Only the lines from the start of the data to the line containing "This match shows", both included, should be output, exactly and without pictures.

════════

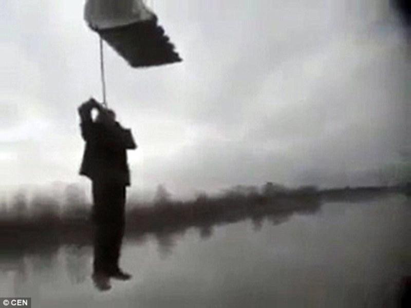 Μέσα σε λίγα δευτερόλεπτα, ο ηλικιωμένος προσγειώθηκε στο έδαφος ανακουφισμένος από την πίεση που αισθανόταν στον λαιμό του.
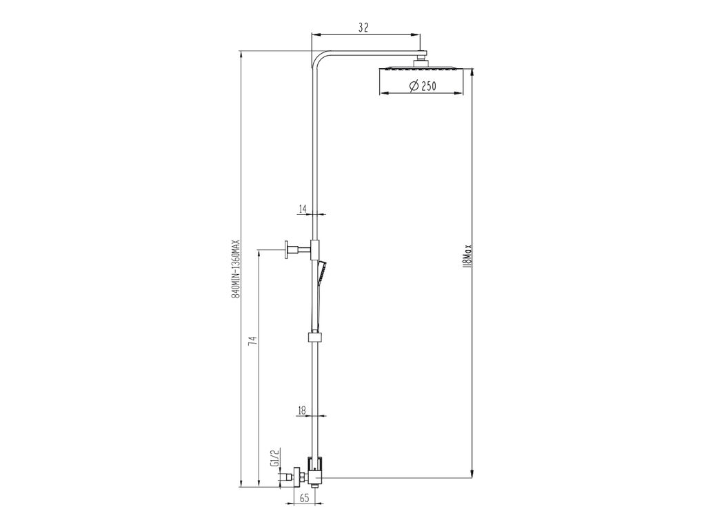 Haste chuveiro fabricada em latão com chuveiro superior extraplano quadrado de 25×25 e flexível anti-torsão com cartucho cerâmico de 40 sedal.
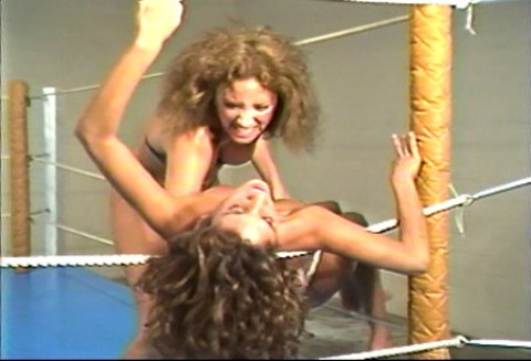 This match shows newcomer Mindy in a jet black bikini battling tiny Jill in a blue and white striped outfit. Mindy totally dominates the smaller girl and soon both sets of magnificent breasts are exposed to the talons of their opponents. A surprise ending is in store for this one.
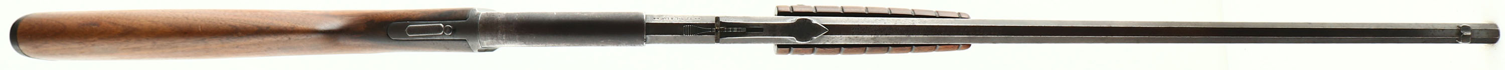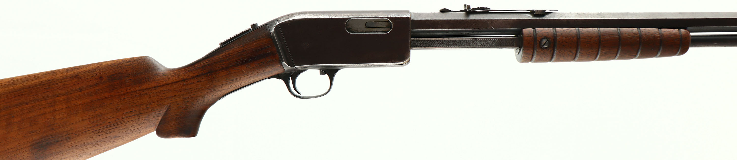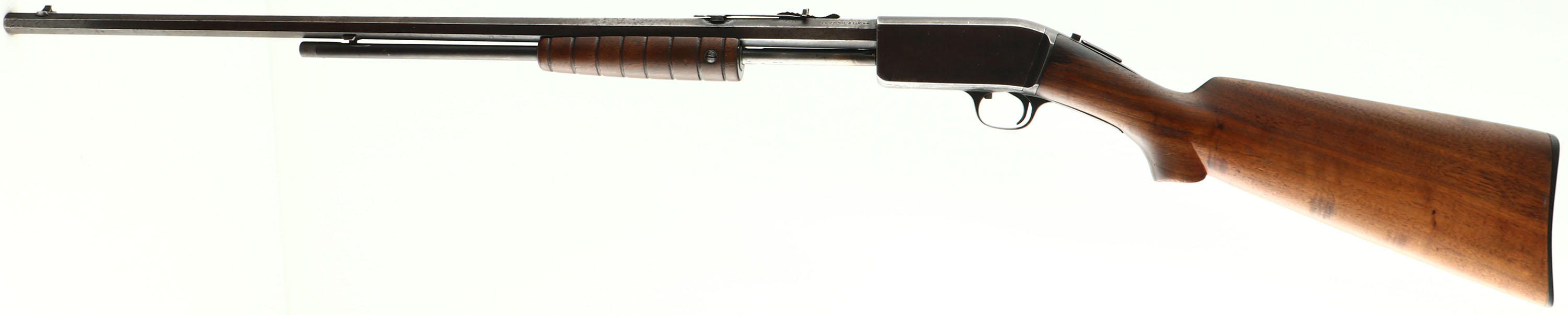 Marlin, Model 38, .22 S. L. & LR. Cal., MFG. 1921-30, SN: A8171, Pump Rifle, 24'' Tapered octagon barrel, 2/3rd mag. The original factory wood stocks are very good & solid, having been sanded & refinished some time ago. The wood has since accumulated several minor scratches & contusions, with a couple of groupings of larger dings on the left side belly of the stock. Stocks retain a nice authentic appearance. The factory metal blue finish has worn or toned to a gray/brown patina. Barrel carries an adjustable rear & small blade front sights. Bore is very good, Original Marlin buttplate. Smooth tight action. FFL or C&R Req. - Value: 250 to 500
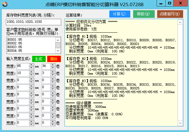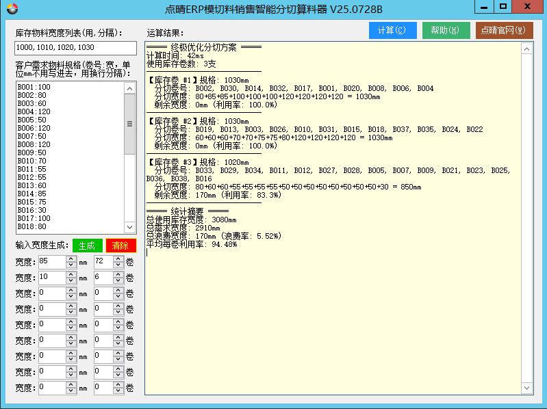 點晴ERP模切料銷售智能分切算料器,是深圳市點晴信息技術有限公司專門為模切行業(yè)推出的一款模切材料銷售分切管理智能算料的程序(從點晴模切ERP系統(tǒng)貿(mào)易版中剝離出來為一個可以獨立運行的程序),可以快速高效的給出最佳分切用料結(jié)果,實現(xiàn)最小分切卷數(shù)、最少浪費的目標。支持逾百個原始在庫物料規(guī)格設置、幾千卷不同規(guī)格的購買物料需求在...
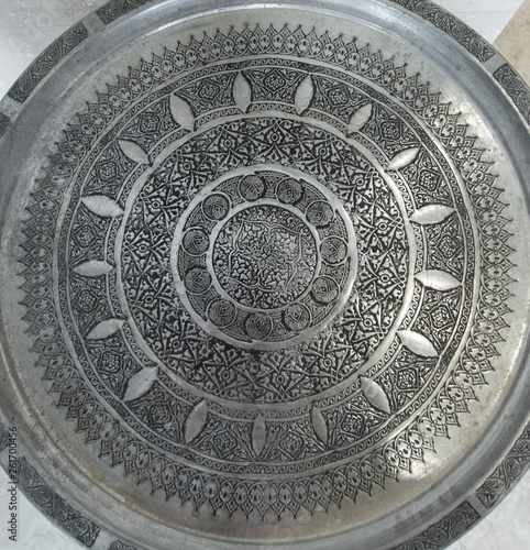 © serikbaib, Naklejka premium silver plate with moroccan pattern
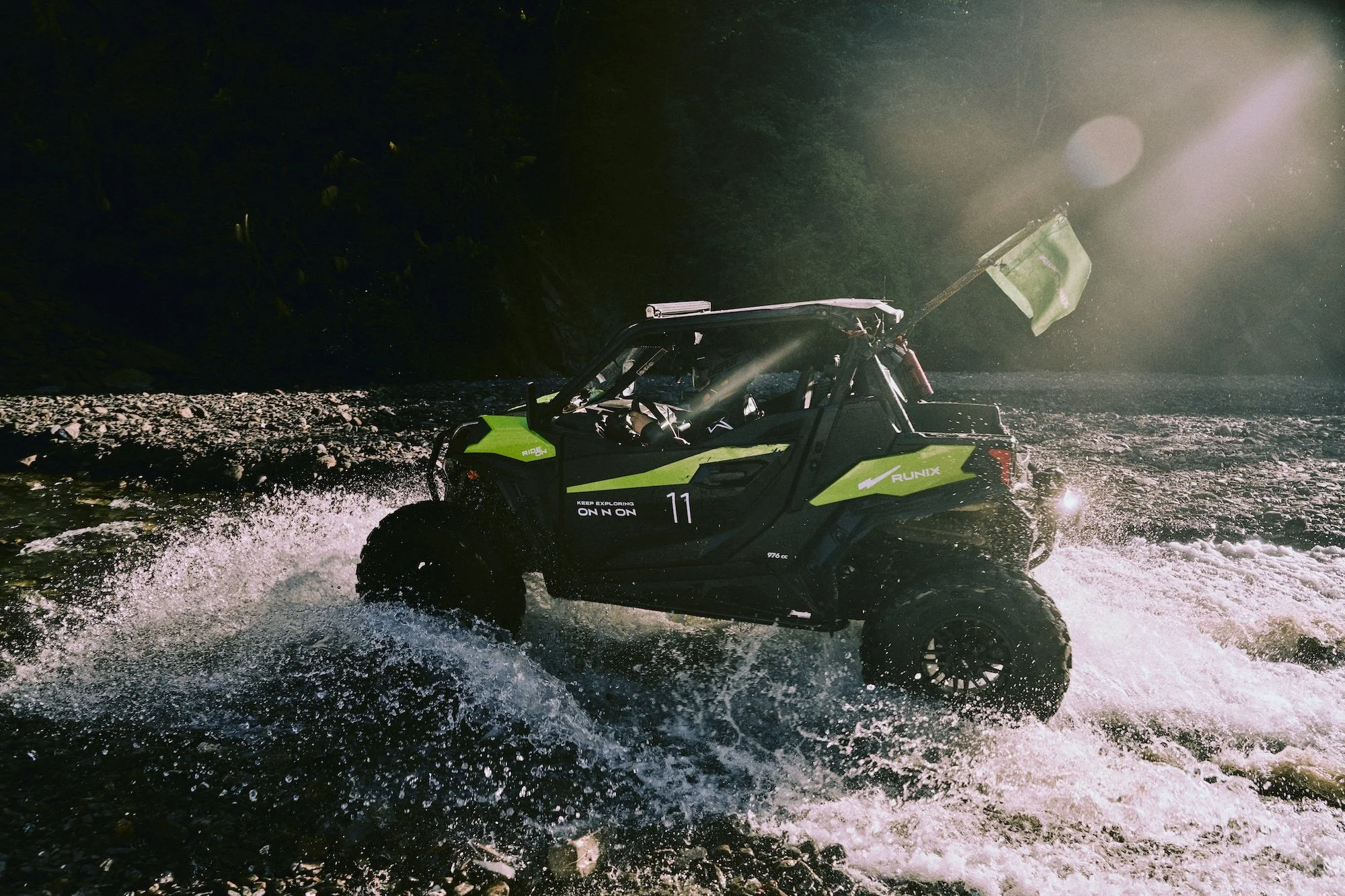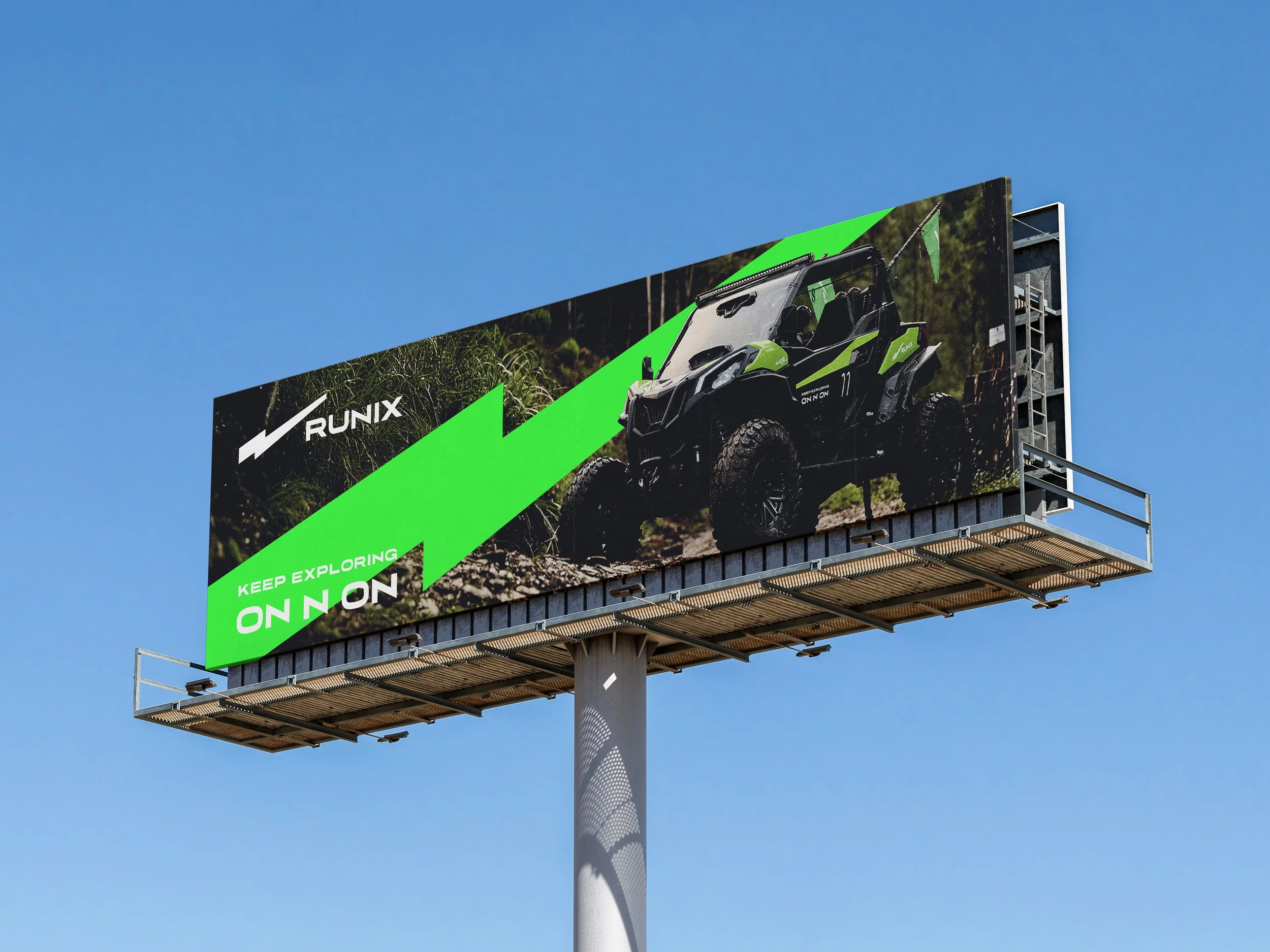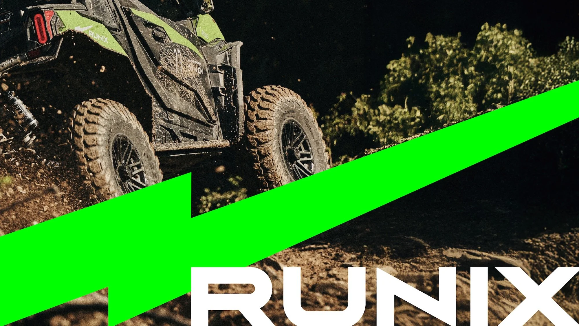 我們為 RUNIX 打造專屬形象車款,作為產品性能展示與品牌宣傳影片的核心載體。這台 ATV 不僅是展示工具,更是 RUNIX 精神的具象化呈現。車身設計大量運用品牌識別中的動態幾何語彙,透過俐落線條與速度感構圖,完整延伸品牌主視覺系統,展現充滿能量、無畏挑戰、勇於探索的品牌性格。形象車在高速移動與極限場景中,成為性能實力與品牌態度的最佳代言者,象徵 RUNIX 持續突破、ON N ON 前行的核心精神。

════════

> RESPONSE FOR THIS EXERCISE:
 Μέσα σε λίγα δευτερόλεπτα, ο ηλικιωμένος προσγειώθηκε στο έδαφος ανακουφισμένος από την πίεση που αισθανόταν στον λαιμό του.
 Haste chuveiro fabricada em latão com chuveiro superior extraplano quadrado de 25×25 e flexível anti-torsão com cartucho cerâmico de 40 sedal.
 This match shows newcomer Mindy in a jet black bikini battling tiny Jill in a blue and white striped outfit. Mindy totally dominates the smaller girl and soon both sets of magnificent breasts are exposed to the talons of their opponents. A surprise ending is in store for this one.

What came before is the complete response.